FIGURE 4-3: Animal-drawn disk harrow (A) and gasoline-powered rototiller (B).

Disk Harrow: These are available in animal- or tractor-drawn models and are commonly used after plowing to break up clods, control weeds, and smooth the soil before planting. They are also useful for chopping up coarse crop residues before plowing, but heavier models with scalloped (notched) disks are best for this purpose. Disk harrows are expensive and prone to frequent bearing failure unless regularly greased. Large, heavy duty versions called Rome plows, which are drawn behind big tractors, can sometimes substitute for plowing. Disk harrows cut, throw, and loosen the top 8-15 cm of soil but pack down the soil immediately below that. Repeated harrowing, especially when the soil is moist, can cause compaction in the lower topsoil.

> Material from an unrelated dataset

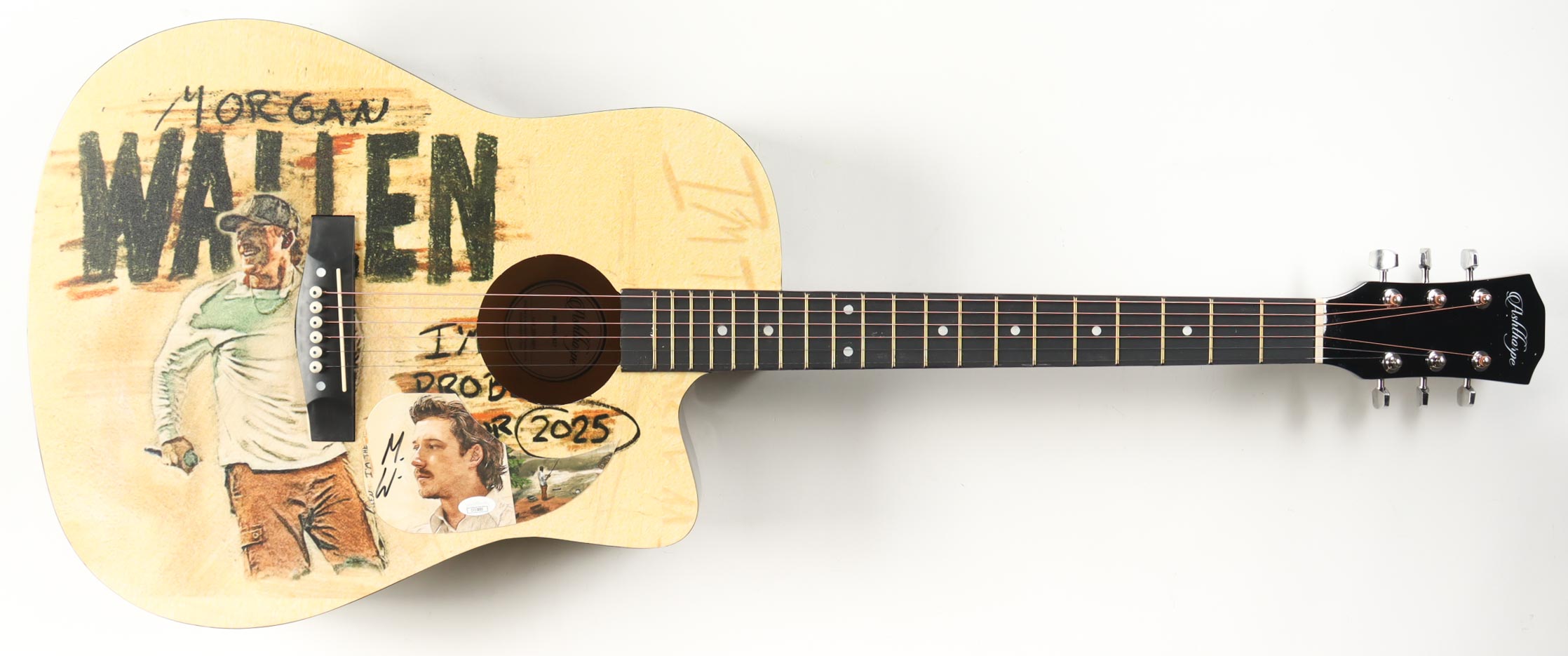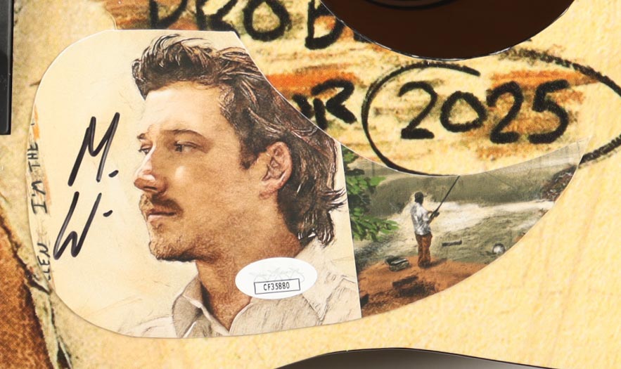 Acoustic guitar measures approximately 41" in length and has been hand-signed on a cut that has been repurposed as the pick-guard by Morgan Wallen.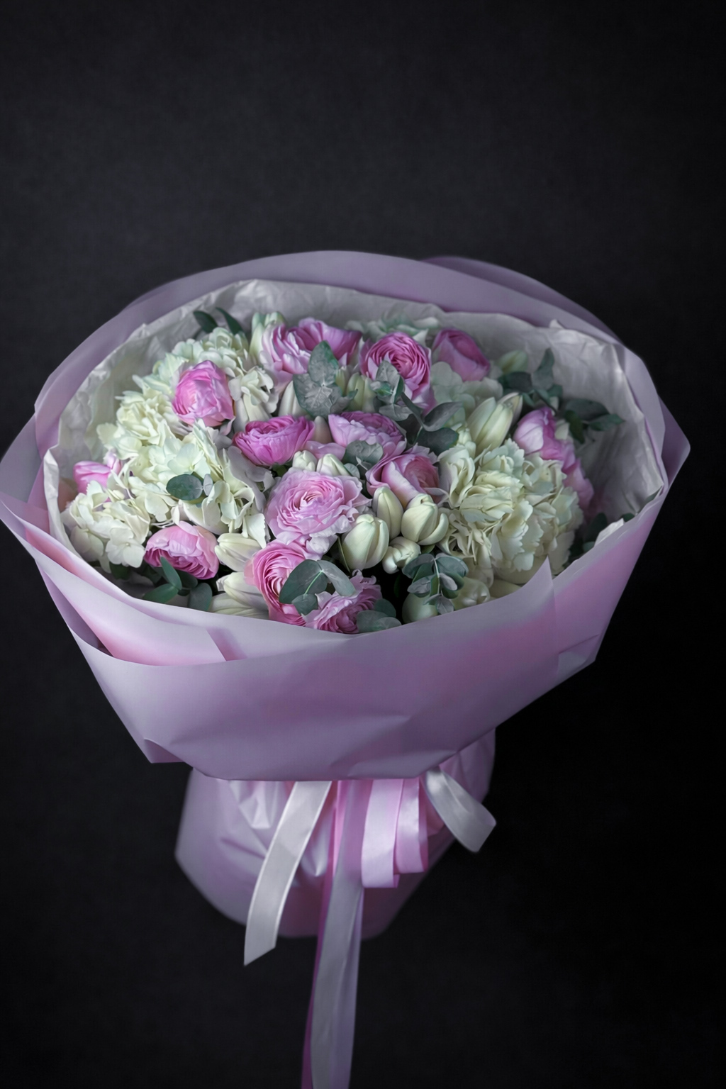 Повітряна біла гортензія створює відчуття легкості та чистоти, рожевий ранункулюс додає романтики, а витончені білі тюльпани наповнюють композицію гармонією та світлом. Свіжий евкаліпт завершує образ, надаючи букету благородної глибини та витонченості.

The abuses of tillage and how to avoid them

Tillage can either enhance or destroy good soil filth (workability). Sure, plowing and harrowing break up clods and loosen the topsoil, but the stirring and shearing action stimulate the microbial breakdown of beneficial soil organic matter and may also overpulverize the soil. Tractor wheels, animal hooves, (and even foot traffic) can cause soil compaction (especially on wet, clayey soils), which can seriously impair root growth and drainage. In mechanized farming, it's common for a traffic pan (compacted zone) to develop on many soils (even sandy ones) at a point right below tillage depth. Plowing clayey soils when they are overly dry can produce large, brick-hard clods that may first require rainfall or watering before they can be broken up. Tilling clayey soils when they are wet can seriously affect their their filth.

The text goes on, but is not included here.